Smoking history predicting outcomes of pemetrexed continuation maintenance therapy is valuable in determining the optimal maintenance therapy strategy for an individual patient, and potential molecular mechanisms may also exist. As we know, there are more smokers in squamous lung cancer compared with non-squamous lung cancer . Coincidentally, TS expression is also higher in squamous lung cancer patients than non-squamous lung cancer patients [19, 20]. These results indicate TS expression may be closely associated with smoking history. Studies had indeed demonstrated that TS expression was significantly lower in never-smokers than that in smokers in non-squamous NSCLC patients [21, 22], whereas it is well known that low TS expression suggests better survival outcomes in non-squamous NSCLC patients treated with pemetrexed-based regimens [6-11]. Moreover, a genomic analysis shown that smoking lung cancer patients have much higher genetic changes than that of never smokers , which strongly indicates more heterogeneous tumor behavior and chemo-resistance in smokers. Therefore, we speculated that higher expression of TS and drug resistance genes in current smokers than never-/former light smokers may be the main molecular mechanisms, which result in smoking non-squamous NSCLC patients having earlier drug-resistance to pemetrexed continuation maintenance therapy. These findings imply that special management strategy should be employed or explored for current smoking non-squamous NSCLC patients in maintenance therapy. However, a previous study did not find significant differences in the efficacy of pemetrexed-cisplatin versus gemcitabine-cisplatin in first-line treatment for current smokers . Also, no prior study revealed that tumor response was significantly different among the other drugs and pemetrexed for current smoking non-squamous NSCLC patients in maintenance therapy. Thus, developing new drugs for current smokers based on a more in-depth research on tumor genetic characteristics of these patients may be the way to solve this issue.

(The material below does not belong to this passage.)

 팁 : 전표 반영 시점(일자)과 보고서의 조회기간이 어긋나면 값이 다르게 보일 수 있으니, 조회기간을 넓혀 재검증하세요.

However, some limitations in the present study should be mentioned. First, our study was performed retrospectively in single institution with small sample size and the patients were not treated according to an established protocol, which means a selection bias may be exist. Second, smokers receiving some toxicity drugs demonstrated increased clearance and lower systemic exposure, which may result in suboptimal therapy and poor outcomes . But no pharmacokinetic data could be used in our study to validate the different efficacy of pemetrexed continuation maintenance therapy between never-/former light smokers and current smokers. Lastly, a previous study revealed that low TS expression was associated with improved PFS and OS in non-squamous NSCLC patients treated with pemetrexed continuation maintenance therapy , however, we couldn't analyze the correlation of TS expression with survival because of insufficient tumor tissues.
In conclusion, this study demonstrated a detrimental effect of current smoking on survival outcomes in EGFR and ALK negative non-squamous NSCLC patients treated with pemetrexed continuation maintenance. Although current smokers had distinctly poorer PFS and OS on pemetrexed continuation maintenance therapy, it may be still reasonable to select maintenance therapy in these patients. We suggest that new clinical trials should be carried out in the future, to compare pemetrexed with other drugs in maintenance therapy for current smokers to identify the optimal maintenance regimens. Taken together, our findings revealed smoking history can be considered as an essential factor in clinical practice regarding pemetrexed continuation maintenance therapy in wild-type non-squamous NSCLC patients, and the patients' smoking history should be detailed collected before the initiation of pemetrexed continuation maintenance.
This work was supported by Medical Science and Technology Research Foundation of Guangdong Province (Grant No. A2016307).
The authors have declared that no competing interest exists.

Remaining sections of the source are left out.